* [Your assignment] Only text belongs in your copy of the listing below; reproduce it exactly and leave out the pictures.

* [Dataset content]
#####
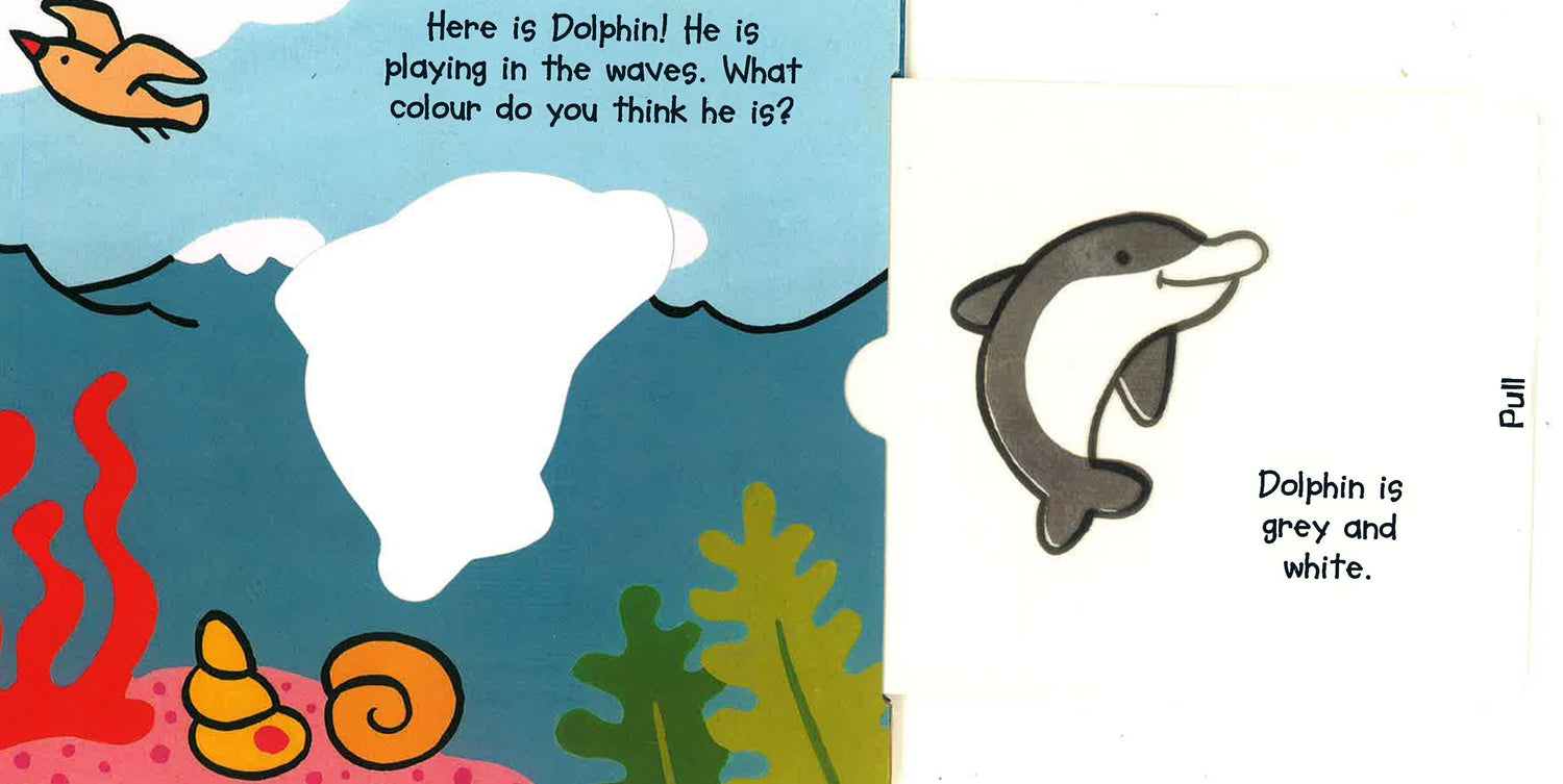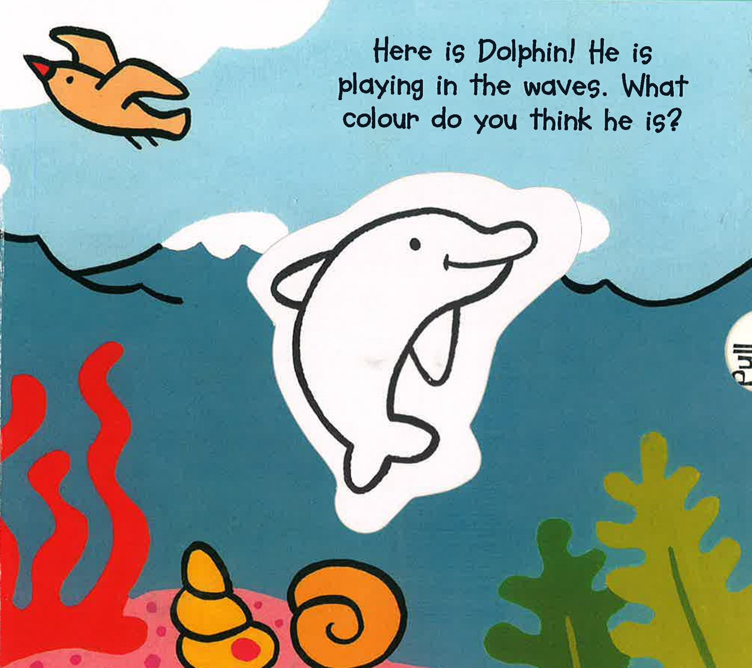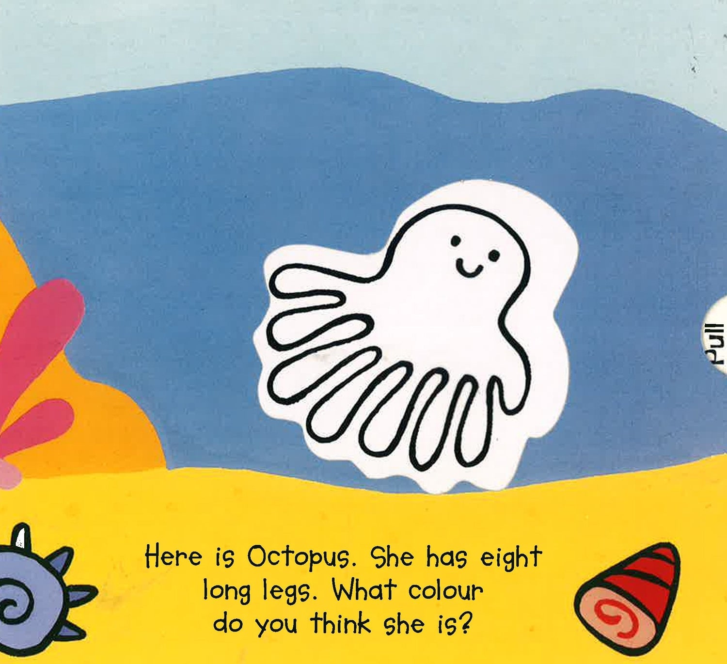 Go underwater to meet some super sea creatures: a stingray, an octopus, a dolphin, an angelfish and a shark. Pull the tab to see the colour of each sea creature magically appear.
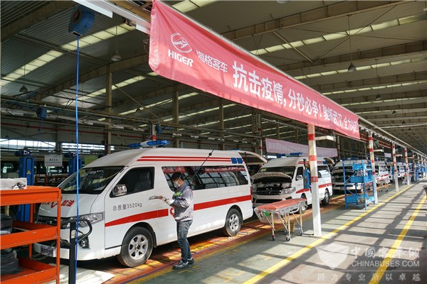 另外,苏州金龙也认真贯彻落实中央和省市各项工作部署,在市国资委的指导帮助下,坚持疫情防控和复工生产两手抓两手硬,排除各种困难,安排身体健康的在苏员工提前复工,做好设计、物料及生产的提前准备,每个复工员工进厂都要量体温、佩戴口罩、勤洗手,车间每天做好消毒工作,严格按每台车2名技术工人的标准生产,连夜赶制。
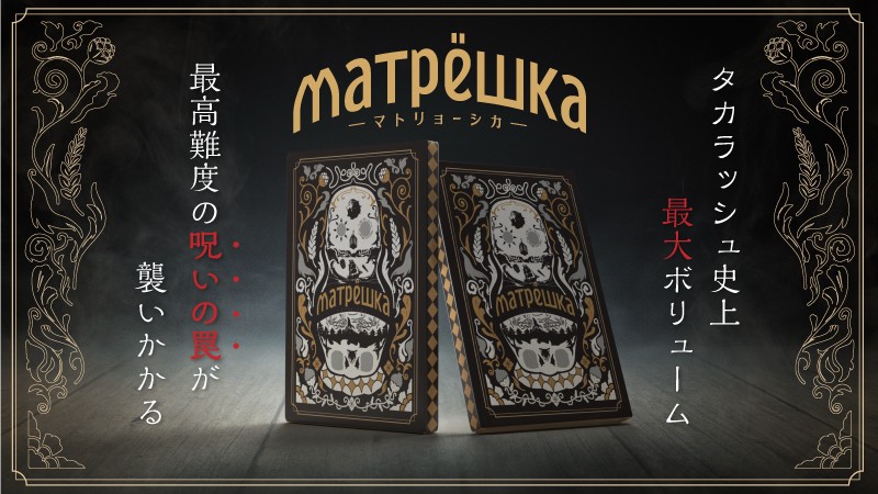 先行販売で即完売の話題作!プレイ推奨時間は驚異の240分以上?!4作品+最後の謎が一箱に入ったタカラッシュ史上最大ボリューム・高難易度の作品。あなたはマトリョーシカに込められた”呪い”を解くことができますか?
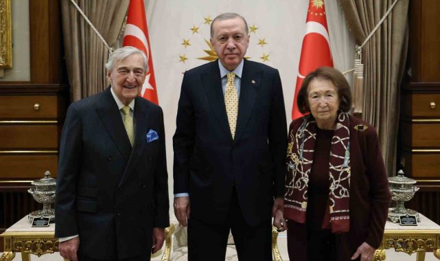 Cumhurbaşkanı Recep Tayyip Erdoğan, iş adamı Rahmi Koç ve Vehbi Koç Vakfı Yönetim Kurulu Başkanı Semahat Arsel'i Cumhurbaşkanlığı Külliyesi'nde kabul etti.
#####
* [Output]
 Go underwater to meet some super sea creatures: a stingray, an octopus, a dolphin, an angelfish and a shark. Pull the tab to see the colour of each sea creature magically appear.
 另外,苏州金龙也认真贯彻落实中央和省市各项工作部署,在市国资委的指导帮助下,坚持疫情防控和复工生产两手抓两手硬,排除各种困难,安排身体健康的在苏员工提前复工,做好设计、物料及生产的提前准备,每个复工员工进厂都要量体温、佩戴口罩、勤洗手,车间每天做好消毒工作,严格按每台车2名技术工人的标准生产,连夜赶制。
 先行販売で即完売の話題作!プレイ推奨時間は驚異の240分以上?!4作品+最後の謎が一箱に入ったタカラッシュ史上最大ボリューム・高難易度の作品。あなたはマトリョーシカに込められた”呪い”を解くことができますか?
 Cumhurbaşkanı Recep Tayyip Erdoğan, iş adamı Rahmi Koç ve Vehbi Koç Vakfı Yönetim Kurulu Başkanı Semahat Arsel'i Cumhurbaşkanlığı Külliyesi'nde kabul etti.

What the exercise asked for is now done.